And then examples: Music generation (to generate 4th movement of last symphony from Schubert!), sentiment classification, machine translation (with Attention mechanisms which provide learnable memory access to solve Not long memory), trajectory prediction, environmental modeling.

2/16/21 - Intro to TensorFlow; Music Generation - software lab 1

As an exercise I have completed labs in TensorFlow and adapted them in PyTorch.

With LSTM, I ran into this error: UnknownError: Fail to find the dnn implementation. [Op:CudnnRNN]

Which is solved by calling tf.config.experimental.set_memory_growth.

import tensorflow as tf 
gpus = tf.config.list_physical_devices('GPU')
if gpus:
  try:
    # Currently, memory growth needs to be the same across GPUs
    for gpu in gpus:
      tf.config.experimental.set_memory_growth(gpu, True)
    logical_gpus = tf.config.experimental.list_logical_devices('GPU')
    print(len(gpus), "Physical GPUs,", len(logical_gpus), "Logical GPUs")
  except RuntimeError as e:
    # Memory growth must be set before GPUs have been initialized
    print(e)

Music lab is nice to play with. I am not sure I would be able to convert to PyTorch. It would require time!

2/22/21 - Deep Computer Vision - lecture 3

I have never been a big fan of computer vision.

I like the idea developed by Alexander Amini about hierarchy of features. (low level: edges, spots; mid level: eyes, noses)

And how he explains limitation of FC layers for visual detection, and introduction of spatial structure (feature extraction with convolutions)

Some nice examples of hand-engineered convolution filters for different needs: sharpen, edge detect, strong edge detect.

Then classic explanations of CNN with convolution, max pooling.

I like the way classification problems are broken down between feature learning (convolution+relu, pooling, repeated several times) and classification (flatten, FC, softmax) which is a task learning part.

The second part (task learning part) can be anything: classification, object detection, segmentation, probabilistic control, …

Nice explanation of R-CNN to learn region proposals.

Introduction to Software lab2: de-biaising facial recognition systems.

3/1/21 - Deep Generative Modeling - lecture 4

From pattern discovered from data (underlying structure of the data), generate examples following these patterns.

Autoencoder: foundational generative model which builds up latent variable representation by self-encoding the input. To train such network, we create a decoder to go from latent variable to generated output, and then compare input to generated output.

Variational autoencoder (vae): with vae we try to encode inputs as distributions defined by mean $\mu$ and variance $\sigma$ . And we want to achieve continuity and completeness:

continuity: points that are close in latent space –> similar content after decoding
completeness: sampling from latent space –> ‘meaningful’ content after decoding

Regularization is pushing to get these properties.

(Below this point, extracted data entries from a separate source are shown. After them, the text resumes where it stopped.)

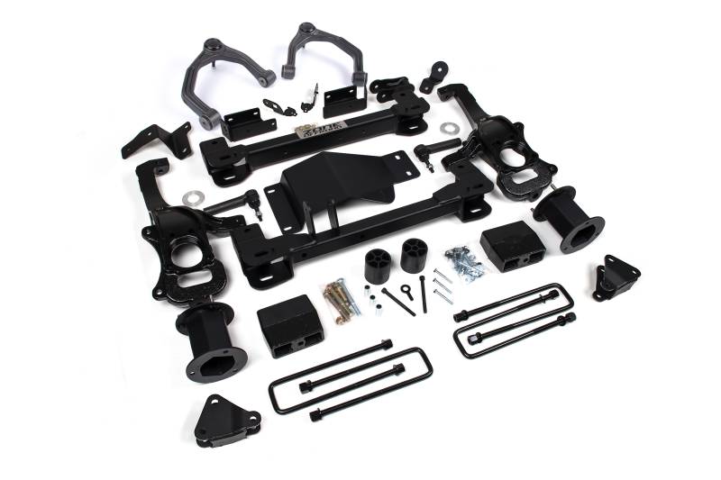 Zone 6" Suspension Lift Kit Take your GMC Denali 1500 to new heights with this 6" lift kit from Zone Offroad. These kits are designed to allow full functionality oft he ARC (adaptive ride control) system factory installed on the Denali to retain all the features of your truck at the new lift height. Kits include everything needed from high strength crossmembers and steering knuckles to strut spacers and ARC sensors, adventure series upper control arms, differential relocation brackets and more. Get the look, performance, and capability your truck deserves with clearance for up to 35" tires. High strength crossmembers to correct lower control arm positioning Ductile iron steering knuckles and new tie rod ends to correct steering geometry and maintain ESC system compatibility Strut spacers and shock relocation brackets to maintain ARC functionality Kits include adventure series upper control arms and differential skid plate for additional offroad protection Adventure Series upper control arms included for additional strength and durability
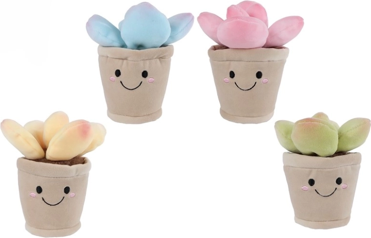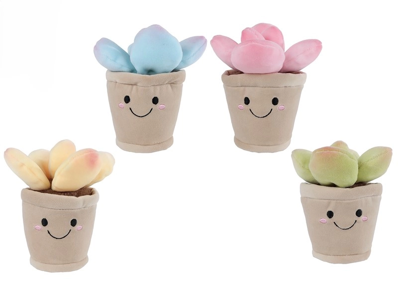 Schattige pluchen plant in vetplant-stijl met een hoogte van 13 cm die zowel de kinderkamer als de speelruimte opvrolijkt. Gemaakt van zachte, aaibare pluche, waardoor het perfect is als veilige knuffel vanaf de geboorte én als lieve decoratie. Verkrijgbaar in vier vrolijke kleuren – groen, blauw, geel en roze – en dankzij het compacte formaat eenvoudig mee te nemen en overal neer te zetten.
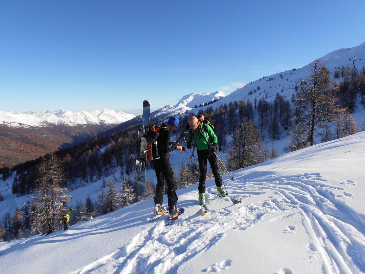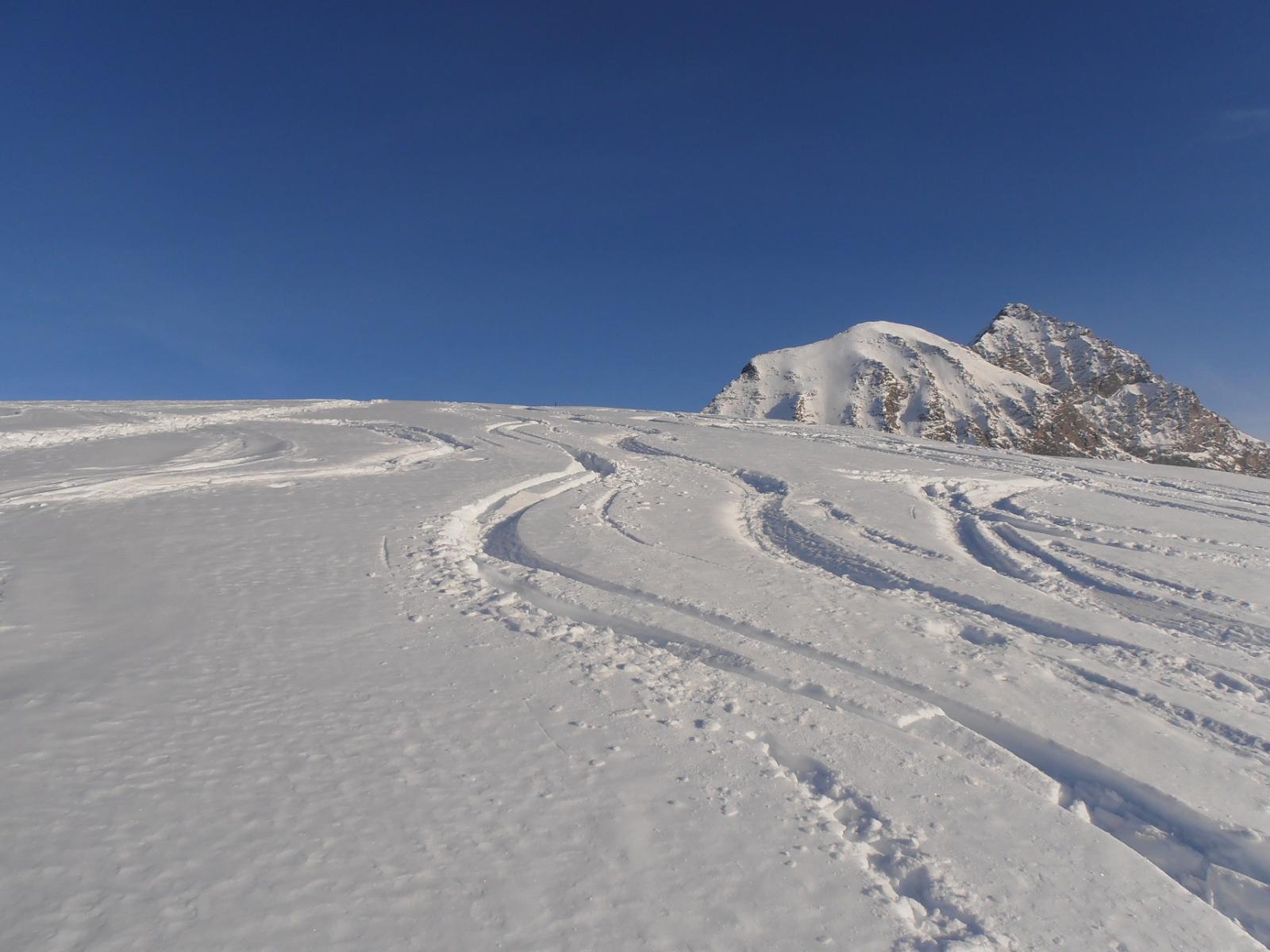 | tini | 01 - farina fantastica | tini | 02 - neve da sogno | tini | 03 - unico coinquilino di gita... Hervé Barmasse | tini | 04 - panorama verso il Cervino | tini | 05 - verso la Valle Centrale | tini | 06 - Punta Faliniere con tracce di salita e discesa | tini | 07 - le curve nella polvere che sogno di fare ad ogni gita
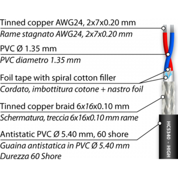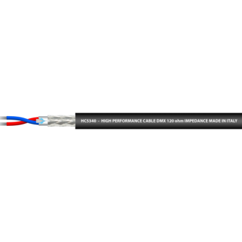 Cable DMX, 3 polos, 120Ohm, 90% de blindaje, 5,40mm de diámetro exterior. Precio por metro, se vende en rollos de 100mtrs. Color gris.
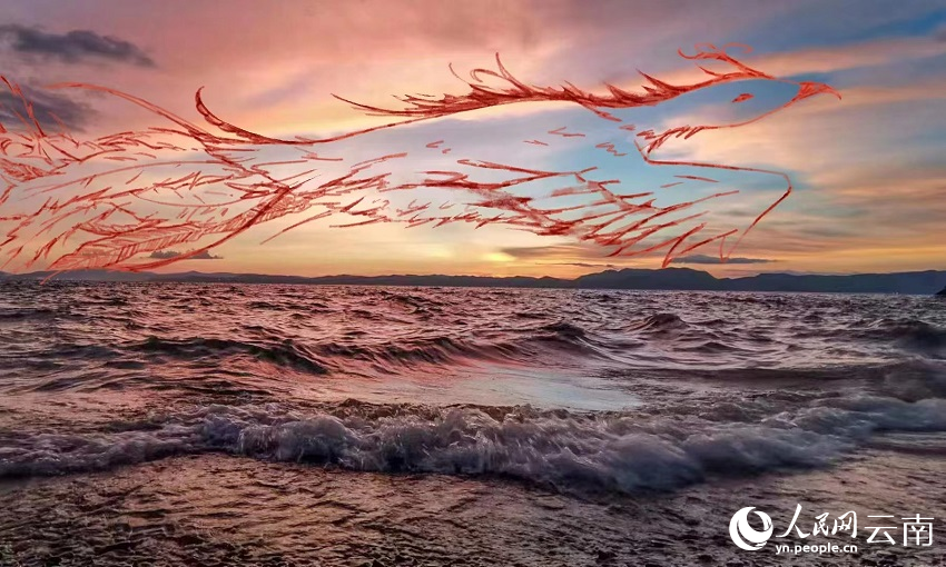 Photo shows clouds in the sky during a sunset at Dianchi Lake in Haiyan village, Kunming, southwest China’s Yunnan Province. (Photo taken by Liu Yi of People’s Daily Online; image in the same photo drawn by Li Xiaoran)

And the learning process is about minimizing reconstruction loss + a regularization term:

Ava is then explaining the smart trick to allow backpropagation to happen. Indeed by introducing stochastic term in the sampling layer, we are breaking the backpropagation logic.

We are moving z from a normal distribution to $\mu$ + $\sigma$ . $\epsilon$ where $\epsilon$ follow a normal distribution of mean 0, std 1.

Explanation then of space disentanglement via $\beta$ -VAEs. It allows latent variables to be independent.

And then some introduction about *GANs (Generative Adversarial Network) which are a way to make a generative model by having 2 neural networks (generator and discriminator) compete with each other.

And share some recent advances on GAN such as StyleGAN(2), conditional GAN, CycleGAN. CycleGAN is famous for turning horses in zebras, but it can be used to transform speech as well (used in the synthesis of Obama’s voice)

3/1/21 - De-biasing Facial Recognition Systems - Software Lab 2

Part 1 MNIST

starts with FC layers. With some overfitting but a good accuracy of 96%.

then move to a CNN architecture. I ran into gpu issues. Accuracy is now 99%.

I didn’t manage to make the last part working. (using tape.gradient)

Part 2 Debiasing

Fit a CNN model to classify faces based on celebA dataset. And see the bias effect by predicting on Fitzpatrick scale skin type classification system.

Use VAE to learn latent structure.

The concept of a VAE

To then debias using DB-VAE model.

DB-VAE

There is a lack of progressive unit tests to validate each step. Cannot go to the end.

Would be interested to see how to apply to non computer vision problems.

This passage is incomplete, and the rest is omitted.